• **Records for processing**:
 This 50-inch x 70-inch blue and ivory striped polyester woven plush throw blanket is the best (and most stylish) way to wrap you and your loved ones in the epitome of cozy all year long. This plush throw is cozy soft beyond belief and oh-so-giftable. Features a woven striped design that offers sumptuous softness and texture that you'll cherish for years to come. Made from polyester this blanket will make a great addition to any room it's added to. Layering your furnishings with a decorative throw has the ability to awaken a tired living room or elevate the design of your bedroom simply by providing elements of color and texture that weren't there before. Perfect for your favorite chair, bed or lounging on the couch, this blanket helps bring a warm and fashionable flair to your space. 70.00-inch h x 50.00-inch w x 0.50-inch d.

* * *

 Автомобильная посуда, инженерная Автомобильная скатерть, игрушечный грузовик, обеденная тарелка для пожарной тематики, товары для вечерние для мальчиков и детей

--

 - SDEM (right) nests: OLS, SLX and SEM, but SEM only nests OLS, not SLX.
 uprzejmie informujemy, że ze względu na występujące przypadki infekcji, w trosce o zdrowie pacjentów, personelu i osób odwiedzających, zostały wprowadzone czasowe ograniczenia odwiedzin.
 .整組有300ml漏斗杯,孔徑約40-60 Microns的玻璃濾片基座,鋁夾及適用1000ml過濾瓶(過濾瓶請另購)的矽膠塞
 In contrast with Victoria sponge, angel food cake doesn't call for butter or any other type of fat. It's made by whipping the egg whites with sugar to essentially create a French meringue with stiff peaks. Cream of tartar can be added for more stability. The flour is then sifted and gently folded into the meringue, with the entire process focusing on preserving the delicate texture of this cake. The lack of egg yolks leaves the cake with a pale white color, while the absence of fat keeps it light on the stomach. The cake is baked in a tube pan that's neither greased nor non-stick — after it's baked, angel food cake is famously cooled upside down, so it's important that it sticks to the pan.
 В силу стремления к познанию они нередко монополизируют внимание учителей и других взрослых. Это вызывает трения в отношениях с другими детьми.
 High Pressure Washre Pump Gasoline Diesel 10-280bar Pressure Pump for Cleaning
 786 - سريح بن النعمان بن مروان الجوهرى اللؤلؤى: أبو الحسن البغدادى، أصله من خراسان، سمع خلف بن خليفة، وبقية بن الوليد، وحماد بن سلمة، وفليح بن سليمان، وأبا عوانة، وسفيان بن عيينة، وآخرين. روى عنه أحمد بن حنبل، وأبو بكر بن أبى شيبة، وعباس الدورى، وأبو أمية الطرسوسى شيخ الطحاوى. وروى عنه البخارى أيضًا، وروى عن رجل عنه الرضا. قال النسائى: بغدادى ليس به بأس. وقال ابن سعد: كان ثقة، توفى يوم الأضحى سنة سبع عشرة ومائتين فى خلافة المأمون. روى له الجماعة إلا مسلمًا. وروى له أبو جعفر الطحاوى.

• **How to complete this task**: Consider the entries above and return each line with the string "that".

• **Exercise result**:
 This 50-inch x 70-inch blue and ivory striped polyester woven plush throw blanket is the best (and most stylish) way to wrap you and your loved ones in the epitome of cozy all year long. This plush throw is cozy soft beyond belief and oh-so-giftable. Features a woven striped design that offers sumptuous softness and texture that you'll cherish for years to come. Made from polyester this blanket will make a great addition to any room it's added to. Layering your furnishings with a decorative throw has the ability to awaken a tired living room or elevate the design of your bedroom simply by providing elements of color and texture that weren't there before. Perfect for your favorite chair, bed or lounging on the couch, this blanket helps bring a warm and fashionable flair to your space. 70.00-inch h x 50.00-inch w x 0.50-inch d.
 In contrast with Victoria sponge, angel food cake doesn't call for butter or any other type of fat. It's made by whipping the egg whites with sugar to essentially create a French meringue with stiff peaks. Cream of tartar can be added for more stability. The flour is then sifted and gently folded into the meringue, with the entire process focusing on preserving the delicate texture of this cake. The lack of egg yolks leaves the cake with a pale white color, while the absence of fat keeps it light on the stomach. The cake is baked in a tube pan that's neither greased nor non-stick — after it's baked, angel food cake is famously cooled upside down, so it's important that it sticks to the pan.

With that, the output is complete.